ADR-007: Working Memory Eviction Strategy¶
Status: Accepted
Date: 2025-10-25
Decision Makers: Dewayne VanHoozer, Claude (Anthropic)
Quick Summary¶
HTM implements a hybrid eviction strategy that prioritizes memories by both importance and recency, evicting low-importance older memories first when working memory reaches token capacity. Evicted memories are preserved in long-term storage, never deleted.
Why: Token limits are hard constraints, but eviction policy determines which context stays active. Hybrid approach balances preserving critical knowledge with maintaining temporal relevance.
Impact: Predictable eviction behavior with never-forget guarantees, at the cost of requiring meaningful importance scoring from users.
Context¶
Working memory is token-limited (default 128,000 tokens). When adding new memories that would exceed the token limit, HTM must decide which existing memories to evict.
Eviction Challenges¶
- Token limits: Hard constraint, cannot exceed working memory capacity
- Importance preservation: Critical memories should remain in working memory
- Recency: Recent context often more relevant than old context
- Fairness: Don't always evict the same types of memories
- Performance: Eviction should be fast (< 10ms)

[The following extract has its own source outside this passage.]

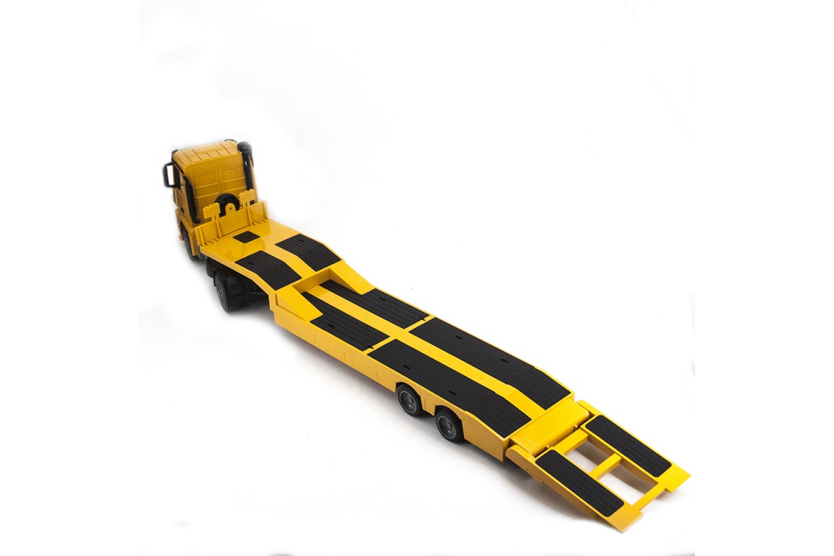 Корпус модели полностью повторяет оригинальную машину: яркий жёлтый кузов и большие колёса. Кузов выполняет свою реальную функцию — платформа для заезда автомобилей опускается и поднимается. А ещё машинка издаёт реалистичные звуки работающего двигателя. Длина модели составляет 36 см.

- Never forget: Evicted memories must be preserved in long-term memory
Alternative Eviction Policies¶
- FIFO (First-In-First-Out): Evict oldest memories
- LRU (Least Recently Used): Evict least recently accessed
- LFU (Least Frequently Used): Evict least frequently accessed
- Random: Evict random memories
- Importance-only: Evict lowest importance first
- Hybrid: Combine importance and recency with scoring function
Decision¶
We will implement a hybrid eviction strategy that prioritizes memories by both importance and recency, evicting low-importance older memories first.
Eviction Algorithm¶
def evict_to_make_space(needed_tokens)
# Sort by [importance, -recency]
# Lower importance evicted first
# Within same importance, older memories evicted first
candidates = @nodes.sort_by do |key, node|
recency = Time.now - node[:added_at]
[node[:importance], -recency]
end
# Evict from front until enough space
evicted = []
tokens_freed = 0
candidates.each do |key, node|
break if tokens_freed >= needed_tokens
evicted << { key: key, value: node[:value] }
tokens_freed += node[:token_count]
@nodes.delete(key)
@access_order.delete(key)
end
evicted
end
Eviction Scoring¶
Primary sort: Importance (ascending)
- Importance 1.0 evicted before importance 5.0
- Importance 5.0 evicted before importance 10.0
Secondary sort: Recency (descending age)
- Within same importance, older memories evicted first
- Added 5 days ago evicted before added 1 hour ago
Never-Forget Guarantee¶
Critical Design Principle
Evicted memories are NOT deleted. They:
- Remain in long-term memory (PostgreSQL) permanently
- Can be recalled via
recall()when needed - Marked as
in_working_memory = FALSEin database - Automatically reloaded if recalled again
Rationale¶
Why Hybrid (Importance + Recency)?¶
Importance alone is insufficient:
- All memories might have same importance
- Old important memories eventually become stale
- Doesn't account for temporal relevance
Recency alone is insufficient:
- Critical information gets evicted just because it's old
- Architectural decisions disappear after time passes
- Loses important long-term context
Hybrid balances both:
- Low-importance recent memories evicted before high-importance old ones
- Within same importance, temporal relevance matters
- Preserves critical knowledge while making space for new context
Why This Sort Order?¶
This creates tiers:
- Tier 1 (evict first): Low importance, old
- Tier 2: Low importance, recent
- Tier 3: High importance, old
- Tier 4 (evict last): High importance, recent
Example eviction order:
importance: 1.0, age: 5 days → evicted first
importance: 1.0, age: 1 hour → evicted second
importance: 5.0, age: 5 days → evicted third
importance: 5.0, age: 1 hour → evicted fourth
importance: 10.0, age: 5 days → evicted fifth
importance: 10.0, age: 1 hour → kept (evict last)
Eviction Guarantees¶
Safety:
- Evicted memories preserved in long-term storage
- No data loss, only working memory removal
- Can be recalled when needed
Performance:
- Greedy eviction: stops as soon as enough space freed
- O(n log n) sorting (one-time cost)
- O(k) eviction where k = nodes evicted
- Typical eviction: < 10ms for 100-node working memory
Correctness:
- Always frees enough tokens (or evicts all nodes trying)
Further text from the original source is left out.